Задолго до того, как Гутенберг изобрел печать со съемных наборных литер, много печатных работ делалось с помощью ксилографии. Пожалуй, самой популярной формой ксилографической печати текстов и изображений была Biblia Pauperum, или «Библия для бедных».[216] Печатающие устройства ксилографического типа опередили по времени появление типографских станков, хотя на сколько именно, установить трудно, поскольку эти дешевые и популярные оттиски, презираемые людьми образованными, хранились не дольше, чем хранятся сегодня сборники комиксов. В этой разновидности печати, которая предшествует Гутенберговой, вступает в силу великий закон библиографии: «Чем больше их было прежде, тем меньше их сейчас». Помимо печатной продукции, он применим и ко многим другим единицам, например, к почтовой марке и первым формам радиоприемников.

В опыте средневекового человека и человека эпохи Возрождения почти не было того разделения и специализации искусств, которое получило развитие позже. Рукопись и первые печатные книги прочитывались вслух, а поэтические произведения пелись или читались нараспев. Ораторское искусство, музыка, литература и рисунок были тесно связаны. И, прежде всего, мир иллюминированной рукописи был миром, в котором самому тиснению придавался пластический акцент, доходящий едва ли не до скульптурности. В исследовании, посвященном искусству иллюминатора рукописей Андреа Мантеньи,[217] Миллард Майс[218] говорит, что посреди полей страницы, украшенных цветами и листьями, выполненные Мантеньей буквы «высятся словно монументы — каменные, непоколебимые и изящно выточенные… Осязаемо прочные и весомые, они уверенно возвышаются на раскрашенном фоне, часто отбрасывая на него тень…»
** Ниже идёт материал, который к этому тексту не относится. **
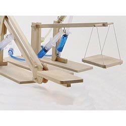 The arm moves with the force of water put in the injector, and the principle of hydraulic construction machine is reproduced with water.
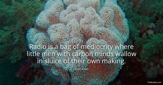Allen, Fred. (2026, January 15). Radio is a bag of mediocrity where little men with carbon minds wallow in sluice of their own making. FixQuotes. https://fixquotes.com/quotes/radio-is-a-bag-of-mediocrity-where-little-men-156593/
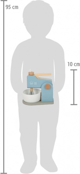 Stijlvolle houten keukenmachine SMALL FOOT Tasty met uitgebreide accessoires zal alle kleine bakkers verrukken. Biedt een handmatig afneembare 2-in-1 mixer, draaibare garde(s), een kom en een set accessoires waaronder een ei met klittenband, boter, textielen koekjes en een deegroller. Inclusief ook een doosje met “bakmix” en een recept met afbeeldingen. De hoogwaardige houten afwerking in rookblauw en wit met natuurlijke details stimuleert de verbeelding, motoriek en sociale vaardigheden van kinderen.
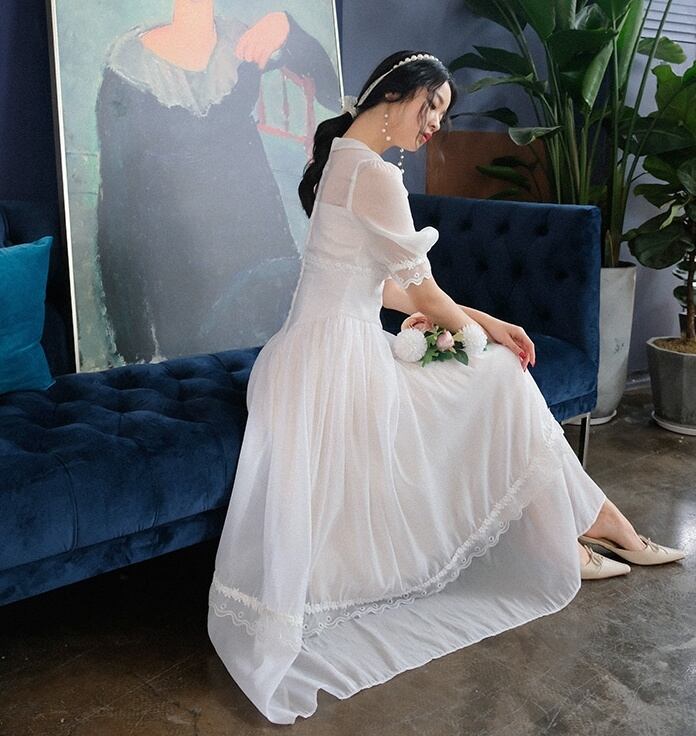 ビクトリア朝の古典的なシルエットが、清楚で美しいオフホワイトのワンピースドレスです。
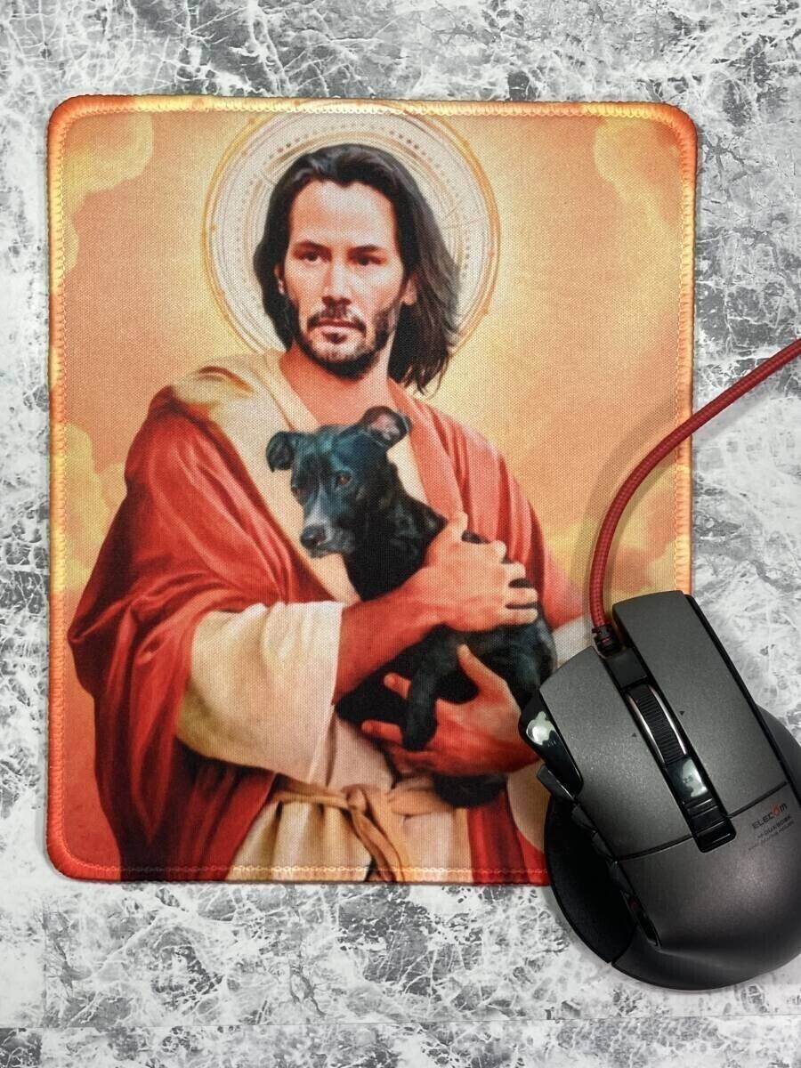 - ◆同梱発送可◆「聖人/キアヌ・リーブスと犬 マウスパッド」fire_sale 【タグ:映画】
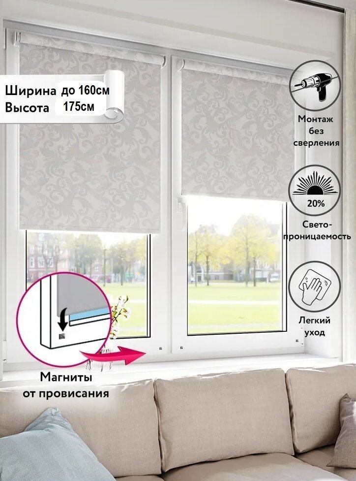 Рулонная штора LEGRAND севилия 52 на 175 серебро / Рулонные шторы на окна не блэкаут / Жалюзи на окна / Шторы не блэкаут 1 067 ₽
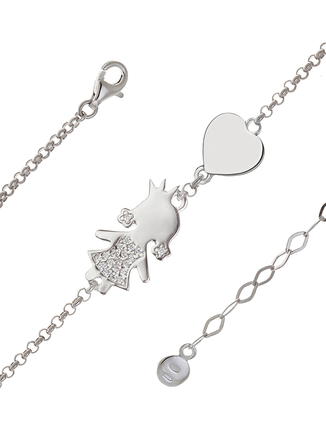 Milanti Браслет Девочка с сердцем под гравировку, серебряный для мам с детьми, подарок на новый год
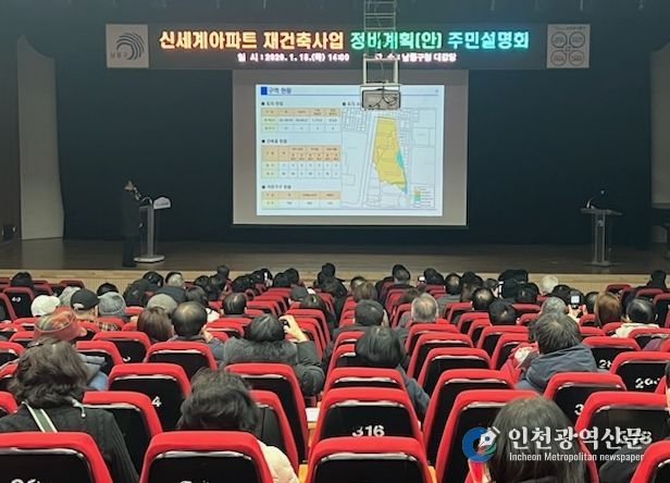[인천광역신문] 박진 기자 | 인천시 남동구는 최근 구청 대강당에서 구월동 신세계아파트 재건축사업의 정비계획 수립 및 정비구역 지정(안)에 대한 주민설명회를 개최했다고 19일 전했다.
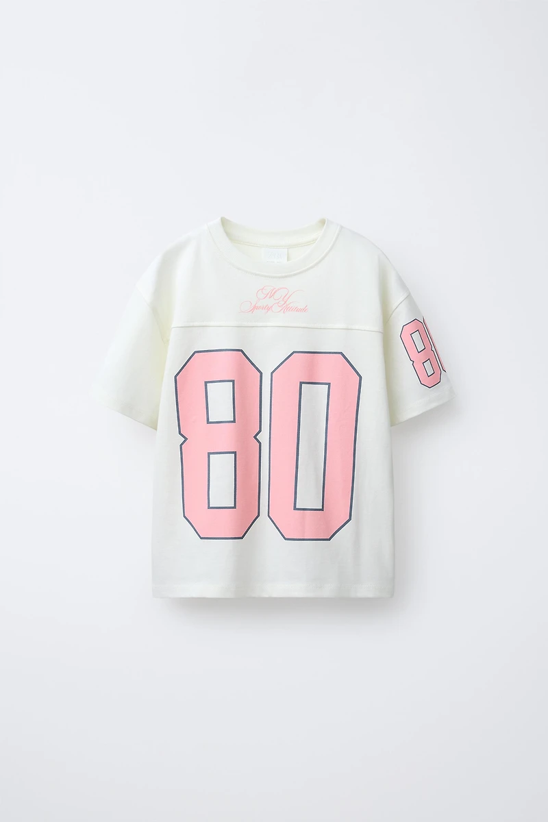 T-shirt avec col rond et manches courtes. Imprimé sur le devant et au dos. Tissu 100 % coton.
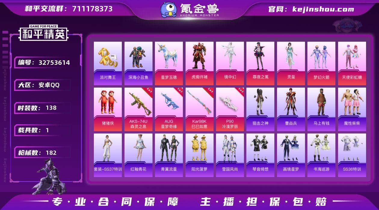 【连体号AUG星梦奇缘金鞋红眼罩7粉装6特效枪1载具 送王者3无双2珍品24传说281皮肤1典藏满马年 秒换绑不用等】 安卓Q区-54395热力值-138套装-182枪皮 【1载具】 星梦玉骢【2稀有】 派对舞王(金靴子) 红眼罩【7粉装】 梦幻火箭 天使彩虹糖 镜中幻 罪夜之冕 虎痴许褚 玩偶服-猪猪侠 角色-灵玺【6特效枪】 AUG-星梦奇缘(3级) AKS-74U-森灵之息(5级) Mk14-福马献瑞(2级) UMP45-萌骑冒险(4级) Kar98K-巳巳如意(5级) P90-冷漠罗丽(5级)【168热门】 深海小丑鱼 暗影哥特(红眼罩) 雪山精英(老6服) 小丑鱼 迅捷狂鲨 狂沙舞者 白色伏地魔 SS9特训 SS8特训 SS6特训 SS24特训 SS23特训 M762-乌木金纹 AKM-缤纷海域 M416-乌木金纹 GROZA-乌木金纹 SCAR-L-玉兔迎春 M762-天降萌叽 Mk47-乌木金纹 M416-夜灯 UMP45-蓝色火焰 MG3-幻世战舞者 AKM-星之彼岸 M416-神秘黑猫 M416-蓝色火焰 破蛋小黄鸡 长空猛禽 弄潮海豚 虚音幻奏 甜心亚梦 特训学院 燃烧卡路里 拳皇97八神庵 青涩时光 骑行爱好者 平底锅-五爪金龙 魅力单车 凛冬战士 黎明保卫者 竞技勇士朋克 坚韧舞者 漫步者 黑色伏地魔 海岛探路者 春日漫步 粉红小猪 AA12-G-雨过天青 沙漠之鹰-雨过天青 平底锅-画境星梦 超感刻度 GROZA-紫矿核...
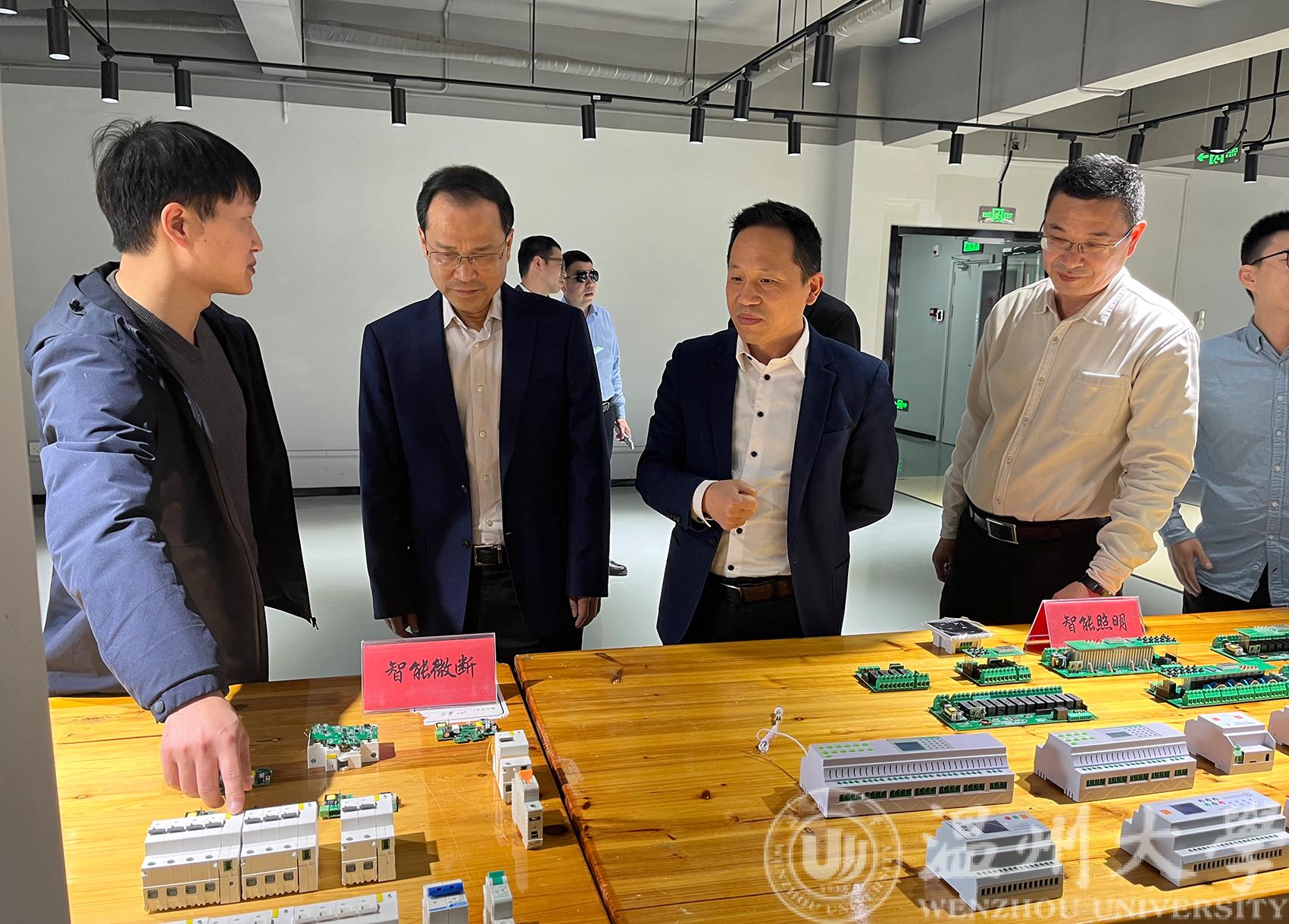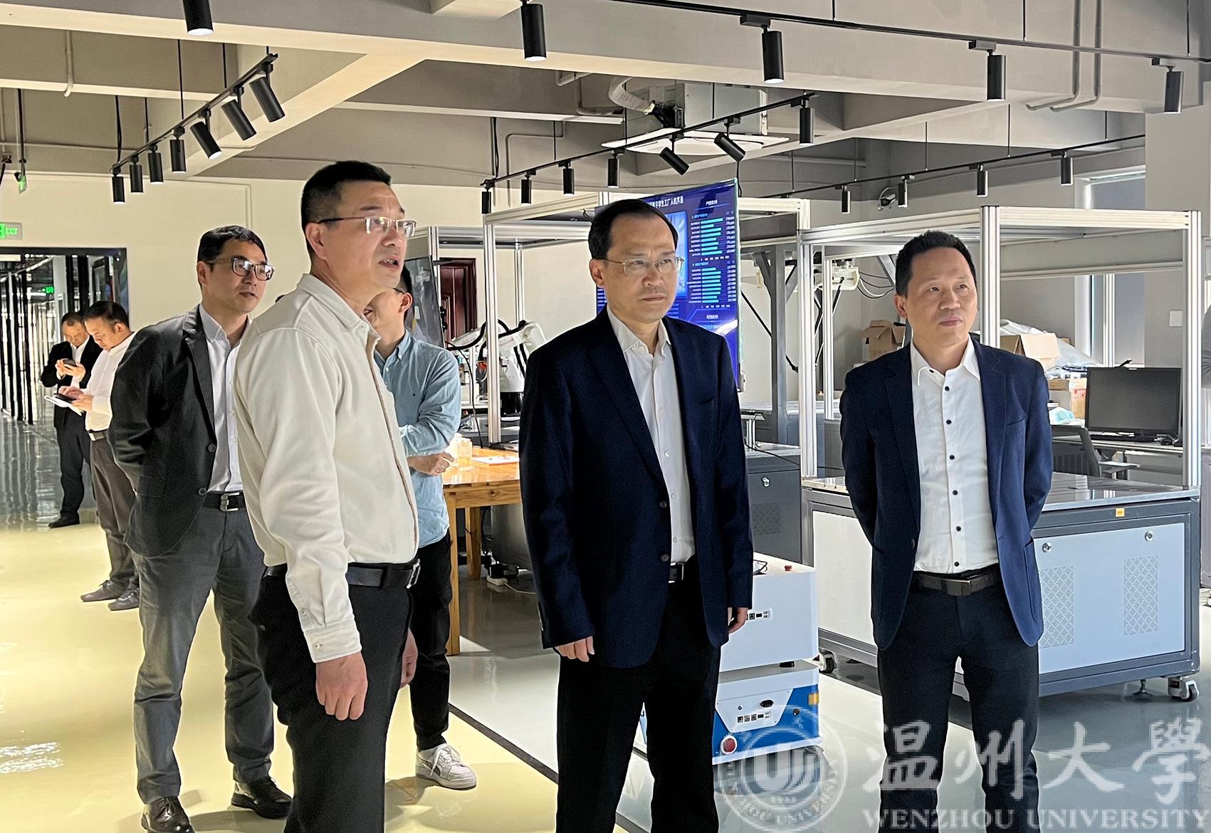 3月10日,温州市政协主席陈作荣一行莅临sunbet申愽官网乐清工业研究院实地考察平台项目建设情况。sunbet申愽官网副校长王舜、温州市科技局副局长朱勇敏、乐清市副市长叶序峰等陪同。
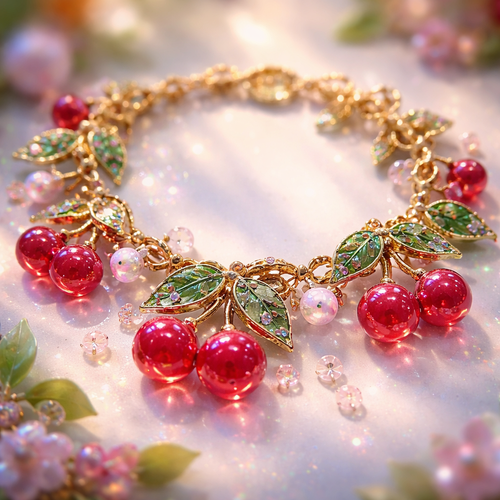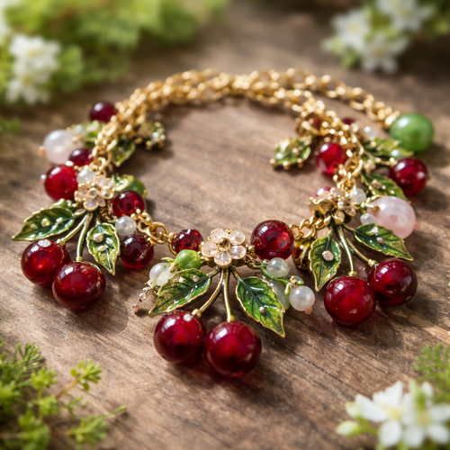 Bracelet with cherries charms and small beads
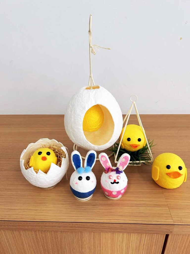 紙張り子でかわいい卵、ひよこ、うさぎを作ります。お部屋や玄関に飾り、春の訪れを楽しみましょう。
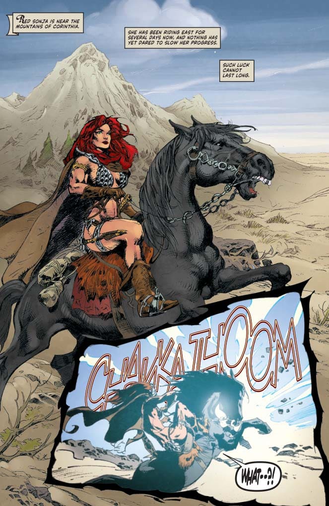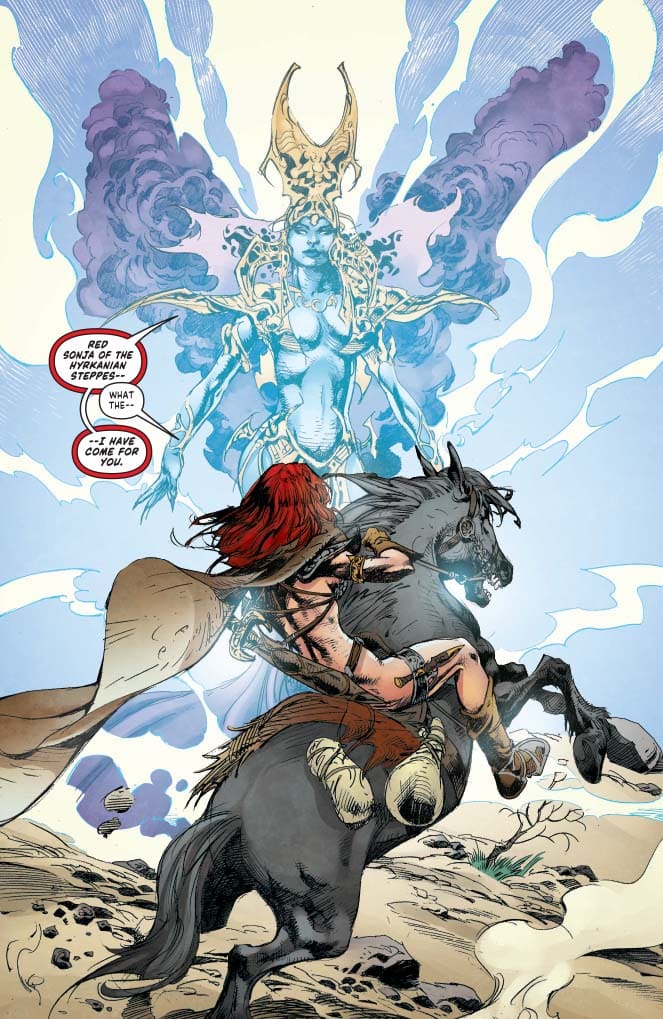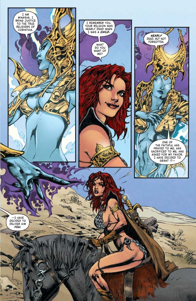 In the issue, hitting stores on Wednesday, the titular Sonja is confronted by Minasha, goddess of a mostly forgotten religion. Minasha has at least one devoted follower, one who has prayed to her to deliver Red Sonja, who slew one of his sons in battle.
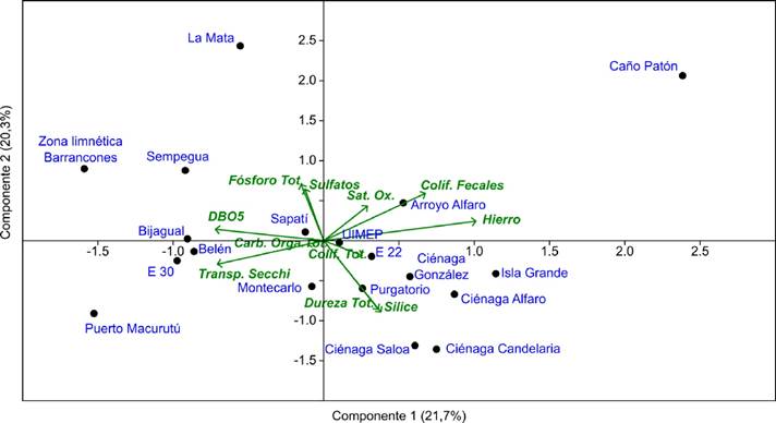 El test de esfericidad de Barlett (p = 0,05) indicó que el análisis proporcionó una reducción eficiente de la dimensionalidad de los datos, pero la medida de Kaiser-Meyer-Olkin fue 0,36 (< 0,5), lo que implica que la adecuación del muestreo fue “inaceptable”, es decir que la proporción de varianza en las variables podría ser causada por otros factores subyacentes. En consecuencia, los resultados del PCA deben asumirse con precaución. El hierro (en el componente 1) y el sílice (en el componente 2) fueron las variables más asociadas a los ejes del ordenamiento. Según este análisis, parecen existir cuatro grupos de estaciones. Un primer grupo estuvo constituido por el Caño Patón y el Arroyo Alfaro, los cuales presentaron una alta concentración de coliformes termotolerantes y de hierro. Los dos sitios de este primer grupo hicieron parte de los lugares con mayor grado de contaminación. Un segundo grupo lo conformaron las estaciones UIMEP, Purgatorio, E22, Ciénaga Alfaro, Ciénaga González, Ciénaga Candelaria, Ciénaga Saloa e Isla Grande, todas ellas con mayor dureza total, más sílice y una concentración media a alta de coliformes totales. Este conjunto de estaciones parece tener un mayor grado de mineralización del agua. Un tercer grupo asoció a los sitios La Mata, Zona limnética Barrancones y Sempegua, los cuales tendieron a una alta concentración de sulfato y a una mayor DBO5. El cuarto grupo correspondió a los lugares Montecarlo, Sapatí, Puerto Macurutú, Belén, Bijagual y E30, que se ubicaron opuestos a las mayores cantidades de hierro y coliformes fecales, con aguas más transparentes. Este cuarto grupo parece ser el de condiciones de menor contaminación del agua, aunque presentan cierta cantidad de carbono orgánico.
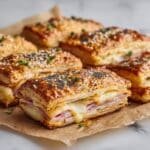 A delicious and easy-to-make Ham and Cheese Puff Pastry recipe featuring flaky puff pastry sheets filled with savory deli ham, melted Gruyère cheese, and optional Dijon mustard, finished with a golden egg wash and a sprinkle of everything bagel seasoning for added flavor.
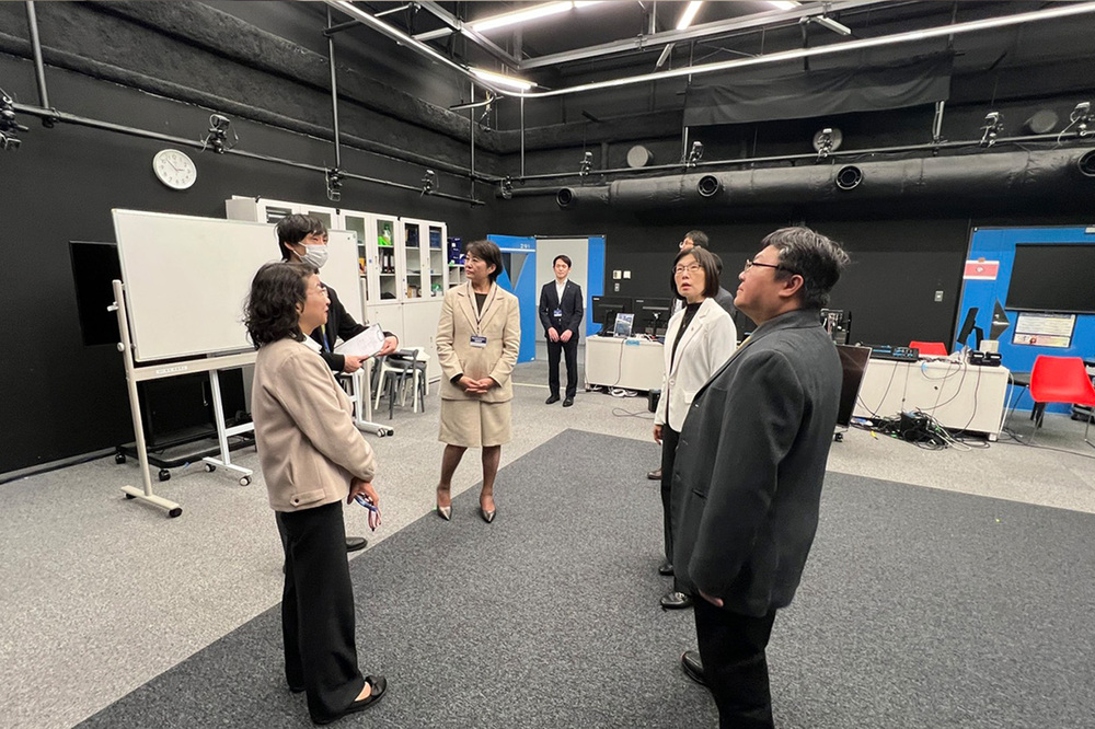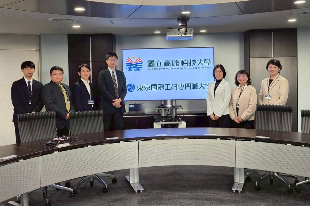 隨後參訪團轉往東京國際工科專門職大學,了解該校在 AI、機器人及動畫領域的實務教學實力。工學院長武本充治指出,學校核心目標在於培育具備設計新商業模式能力的數位人才,因此課程極度重視任務導向(PBL)教學,並落實高達 600 小時以上的企業實習制度,確保學生具備厚實的即戰力。交流過程中,日方對高科大的半導體學程模式展現濃厚興趣,雙方均期待未來能進一步推動學生交換與跨國教育合作。
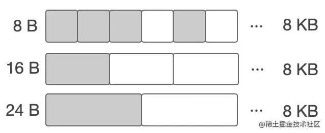 - 先将内存划分成大块,例如 8 KB,称作 mspan

Такое же ощущение букв алфавита как резных икон возродилось в наши дни в графических искусствах и рекламных вывесках. С предчувствием этого грядущего изменения читатель, возможно, столкнется в сонете Рембо, посвященном гласным буквам,[219] и в некоторых живописных полотнах Брака. Однако и обычный стиль газетных заголовков стремится подтолкнуть буквы к иконической форме — форме, очень близкой к слуховому резонансу, а также тактильности и скульптурности.

Возможно, высшим качеством печати является качество, пропавшее для нас даром в силу своего слишком случайного и очевидного существования. И состоит оно попросту в том, что именно изобразительное высказывание может повторяться точно и до бесконечности — по крайней мере пока сохраняется оттиск. Повторяемость составляет ядро механического принципа, овладевшего нашим миром, особенно с появлением Гутенберговой технологии. Сообщение печати и книгопечатания — прежде всего сообщение о повторяемости. С рождением книгопечатания принцип съемных литер явил средство механизации любой ручной работы путем сегментирования и фрагментирования целостного действия. То, начало чему положил алфавит как разделение многочисленных жестов, зрительных образов и звучаний, заключенных в устном слове, достигло нового уровня интенсивности: сначала с появлением ксилографии, затем — с развитием книгопечатания. Алфавит отдал первенство в слове визуальному компоненту, редуцировав все прочие чувственные факты устного слова к этой форме. Это помогает объяснить, почему в письменном мире были так радушно встречены ксилография и даже фотография. Эти формы предоставляют тот мир инклюзивного жеста и драматической позы, который неизбежно упущен в письменном слове.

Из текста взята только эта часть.